◆ **MATERIAL SUPPLIED**
#####

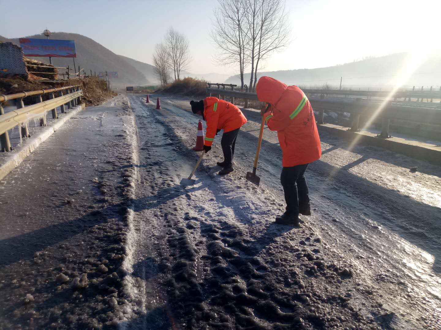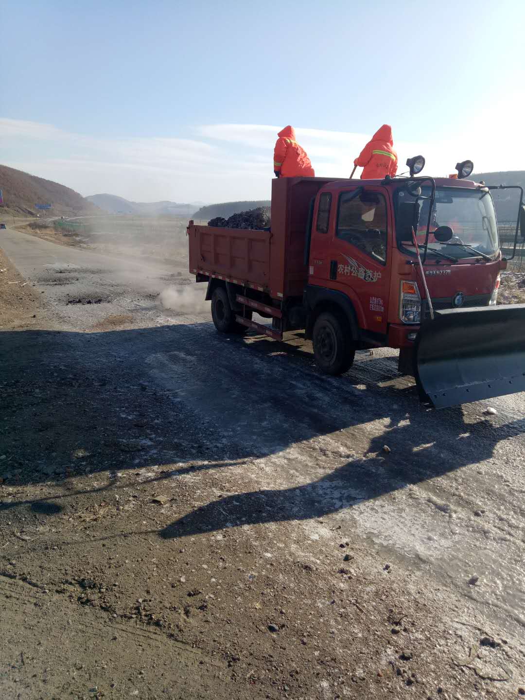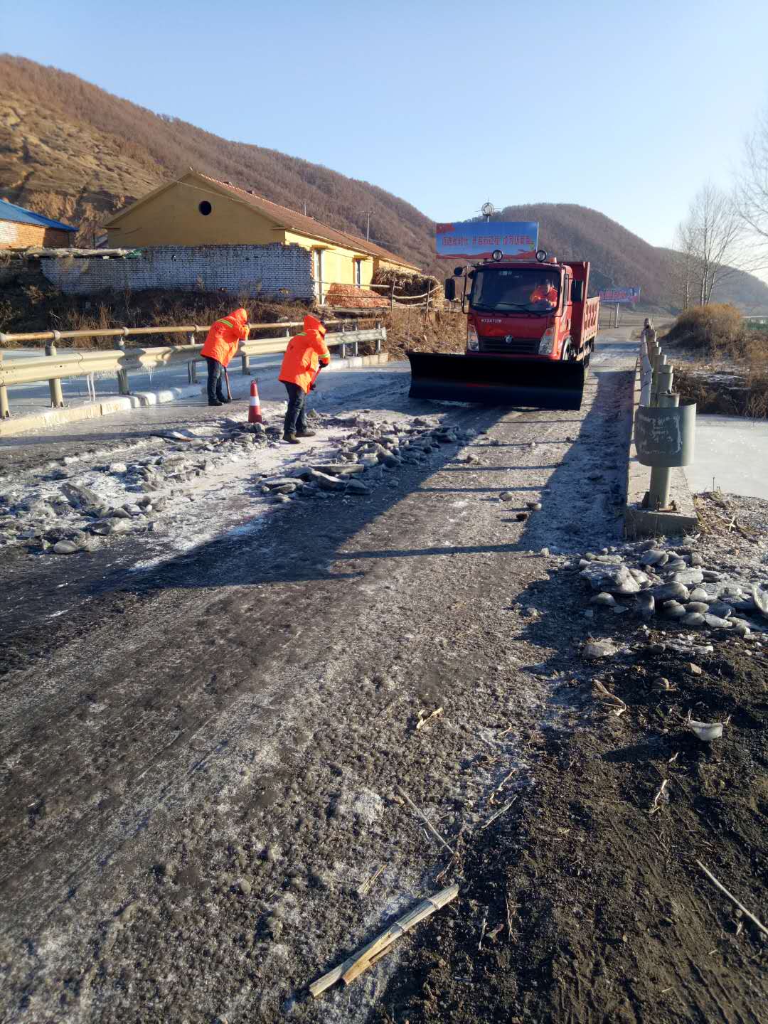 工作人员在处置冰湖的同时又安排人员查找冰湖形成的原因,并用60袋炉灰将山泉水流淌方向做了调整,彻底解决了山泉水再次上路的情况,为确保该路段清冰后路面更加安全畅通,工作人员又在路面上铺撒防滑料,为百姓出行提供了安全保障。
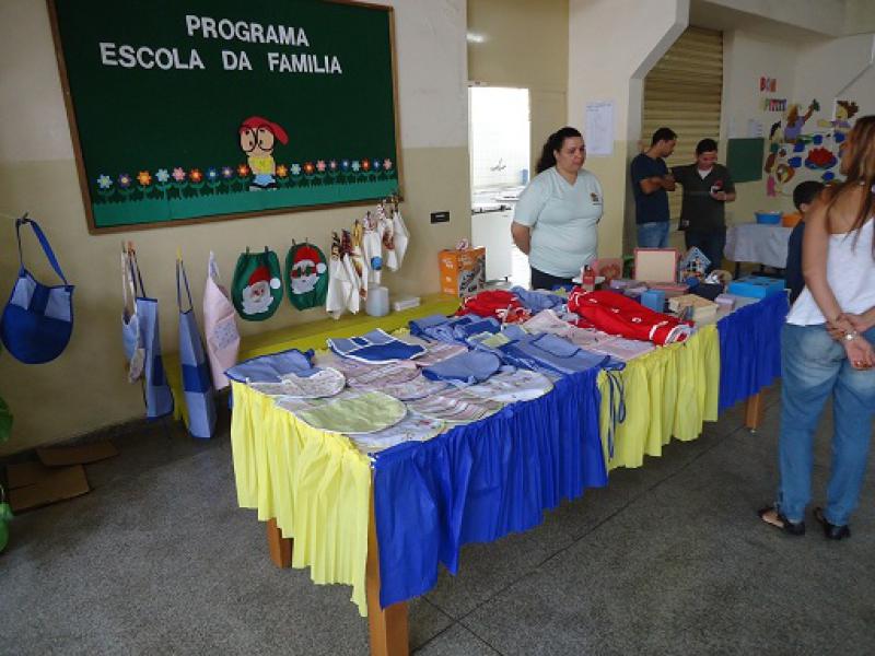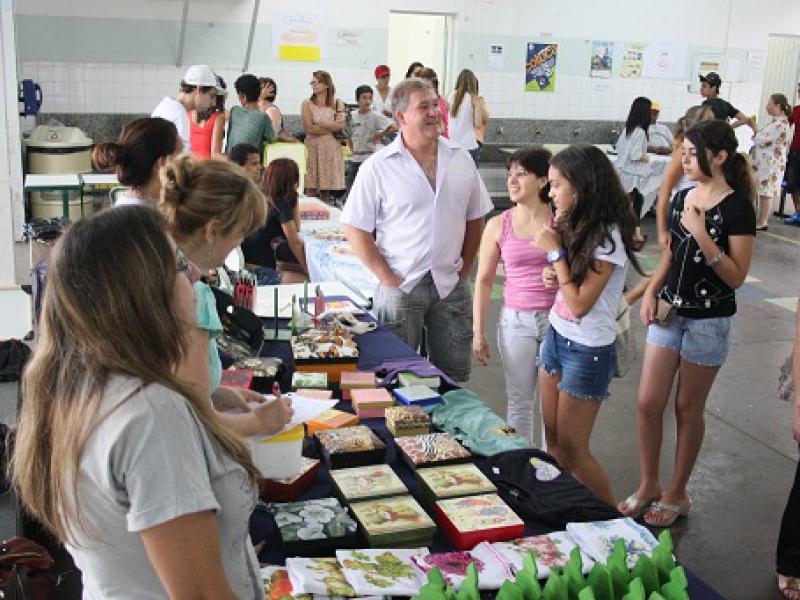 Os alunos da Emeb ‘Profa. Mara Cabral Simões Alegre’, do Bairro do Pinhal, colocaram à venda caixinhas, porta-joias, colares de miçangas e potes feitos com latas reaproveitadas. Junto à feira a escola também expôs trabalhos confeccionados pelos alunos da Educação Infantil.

#####

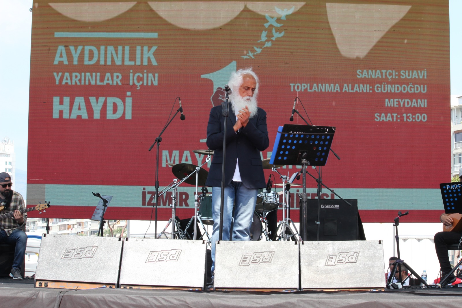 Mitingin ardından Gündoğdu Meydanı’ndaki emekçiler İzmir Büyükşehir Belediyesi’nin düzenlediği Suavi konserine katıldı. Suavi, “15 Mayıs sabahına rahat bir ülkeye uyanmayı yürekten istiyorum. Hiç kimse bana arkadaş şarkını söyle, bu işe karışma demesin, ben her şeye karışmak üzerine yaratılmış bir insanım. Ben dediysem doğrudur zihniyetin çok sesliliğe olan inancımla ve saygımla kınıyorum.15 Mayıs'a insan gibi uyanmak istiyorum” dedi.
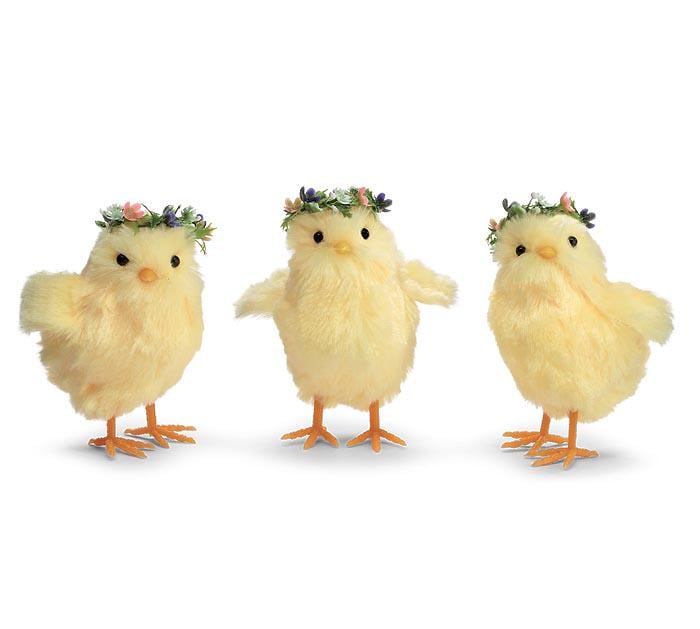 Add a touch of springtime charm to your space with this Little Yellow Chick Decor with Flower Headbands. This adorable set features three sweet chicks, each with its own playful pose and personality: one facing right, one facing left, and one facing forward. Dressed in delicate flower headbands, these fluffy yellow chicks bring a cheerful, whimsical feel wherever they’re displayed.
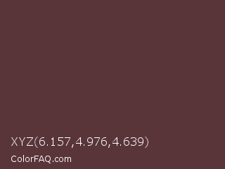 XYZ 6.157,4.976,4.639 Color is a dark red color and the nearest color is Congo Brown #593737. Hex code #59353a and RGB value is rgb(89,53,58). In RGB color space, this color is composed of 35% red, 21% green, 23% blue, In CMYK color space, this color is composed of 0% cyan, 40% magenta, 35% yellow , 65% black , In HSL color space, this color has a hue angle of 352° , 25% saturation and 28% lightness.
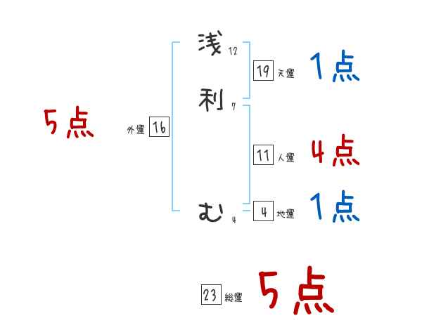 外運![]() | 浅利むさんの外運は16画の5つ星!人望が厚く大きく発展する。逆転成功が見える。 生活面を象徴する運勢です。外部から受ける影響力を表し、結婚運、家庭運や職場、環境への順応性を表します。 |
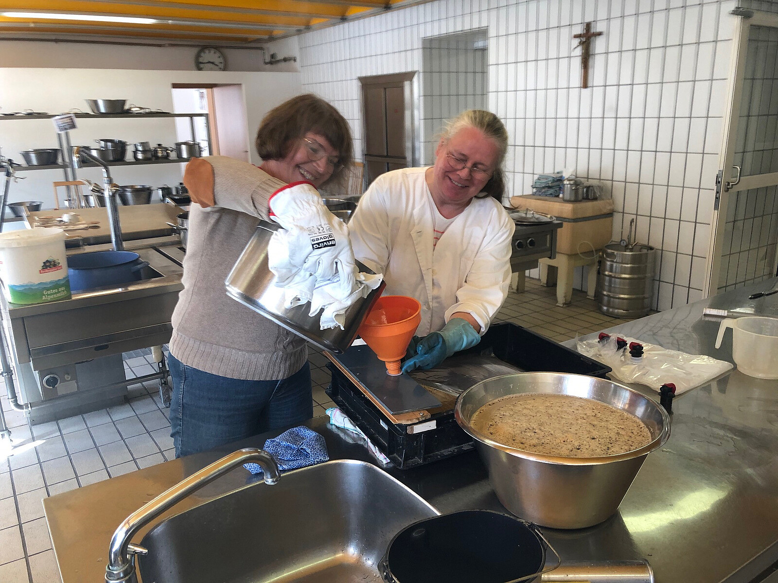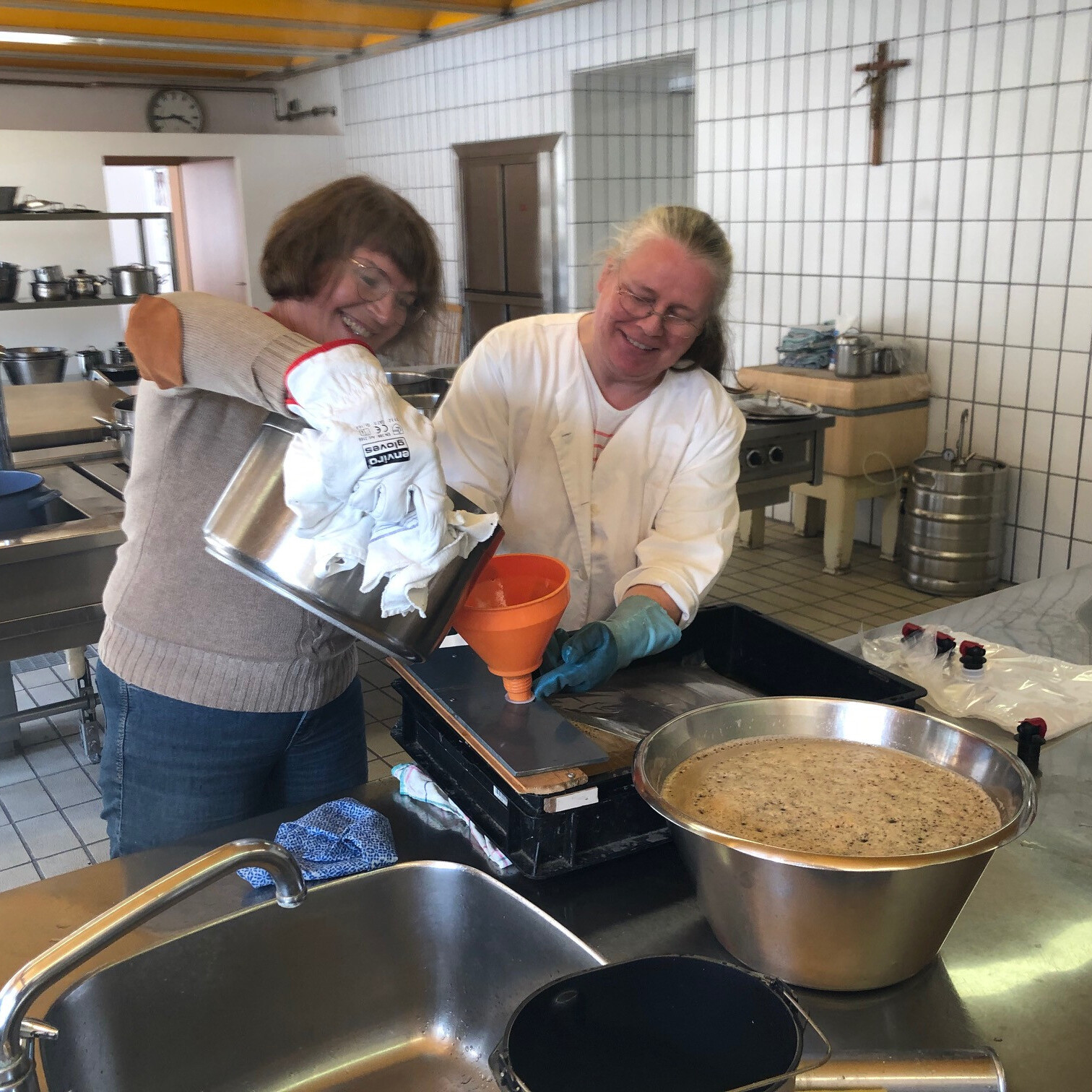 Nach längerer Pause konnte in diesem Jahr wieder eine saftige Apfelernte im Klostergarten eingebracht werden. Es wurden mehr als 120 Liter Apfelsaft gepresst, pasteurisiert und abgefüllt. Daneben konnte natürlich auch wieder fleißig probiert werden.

#####

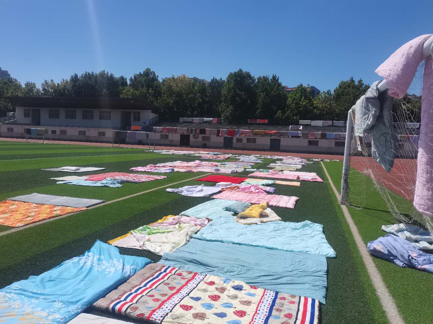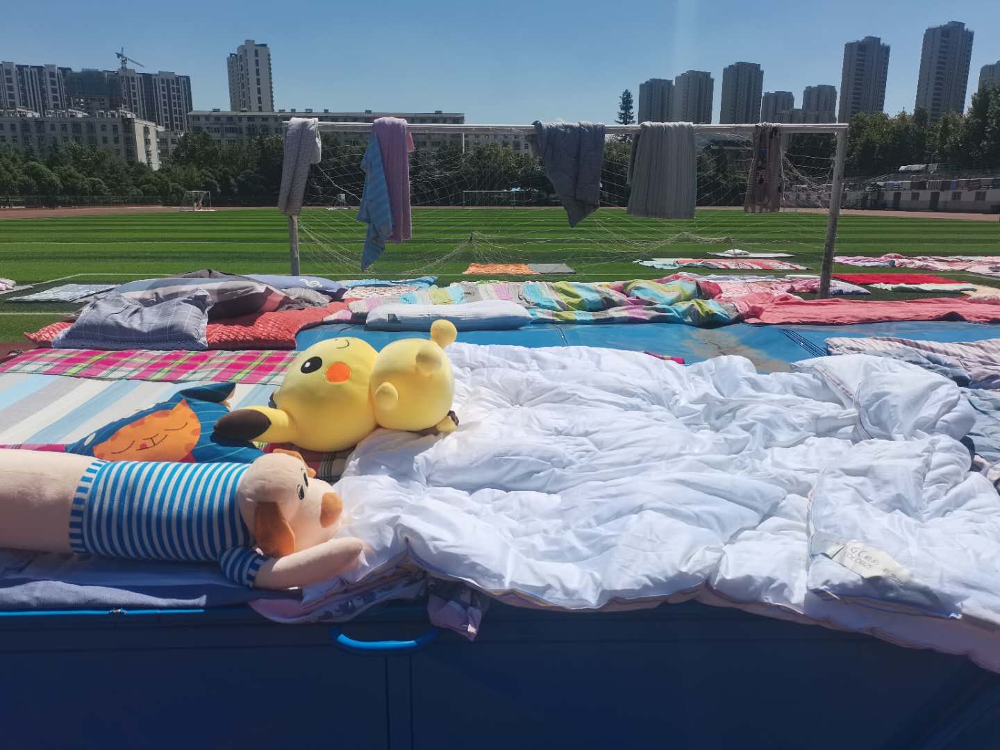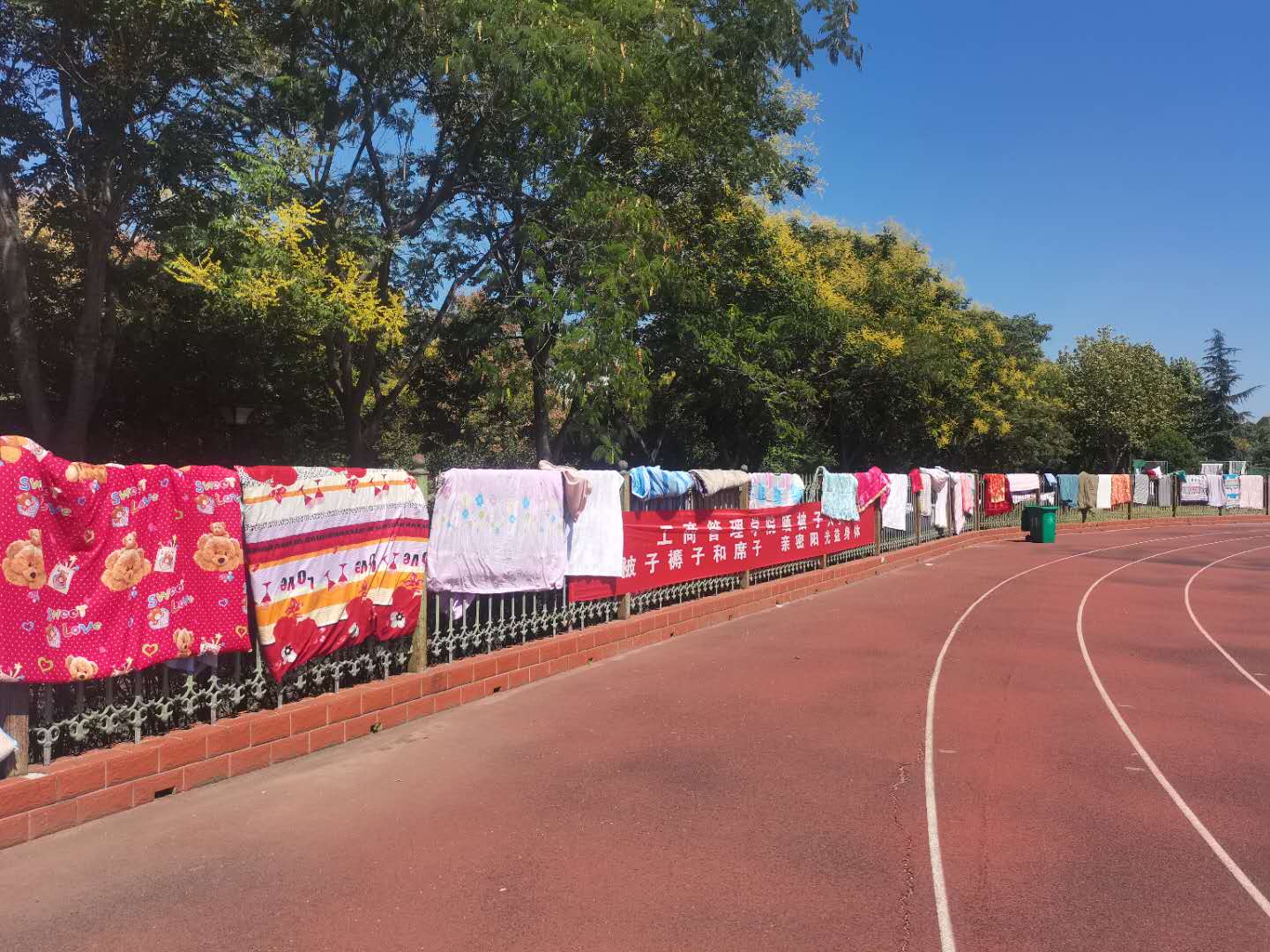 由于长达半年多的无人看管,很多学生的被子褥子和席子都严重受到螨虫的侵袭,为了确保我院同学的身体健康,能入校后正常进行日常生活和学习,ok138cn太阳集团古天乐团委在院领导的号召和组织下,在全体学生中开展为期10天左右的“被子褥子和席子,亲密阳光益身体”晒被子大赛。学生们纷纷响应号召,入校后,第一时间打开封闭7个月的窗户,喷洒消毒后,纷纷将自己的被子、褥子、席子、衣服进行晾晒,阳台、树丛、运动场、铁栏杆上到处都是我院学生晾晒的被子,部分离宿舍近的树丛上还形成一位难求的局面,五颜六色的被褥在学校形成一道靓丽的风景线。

#####

◆ **DIRECTIONS**
Would you please repeat only the lines above, beginning at the one that has "工作人员在处置冰湖的同时又安" and stopping after the one that has "Os alunos da Emeb", exactly and with no pictures?

◆ **OUTPUT OF THE EXERCISE**
 工作人员在处置冰湖的同时又安排人员查找冰湖形成的原因,并用60袋炉灰将山泉水流淌方向做了调整,彻底解决了山泉水再次上路的情况,为确保该路段清冰后路面更加安全畅通,工作人员又在路面上铺撒防滑料,为百姓出行提供了安全保障。
 Os alunos da Emeb ‘Profa. Mara Cabral Simões Alegre’, do Bairro do Pinhal, colocaram à venda caixinhas, porta-joias, colares de miçangas e potes feitos com latas reaproveitadas. Junto à feira a escola também expôs trabalhos confeccionados pelos alunos da Educação Infantil.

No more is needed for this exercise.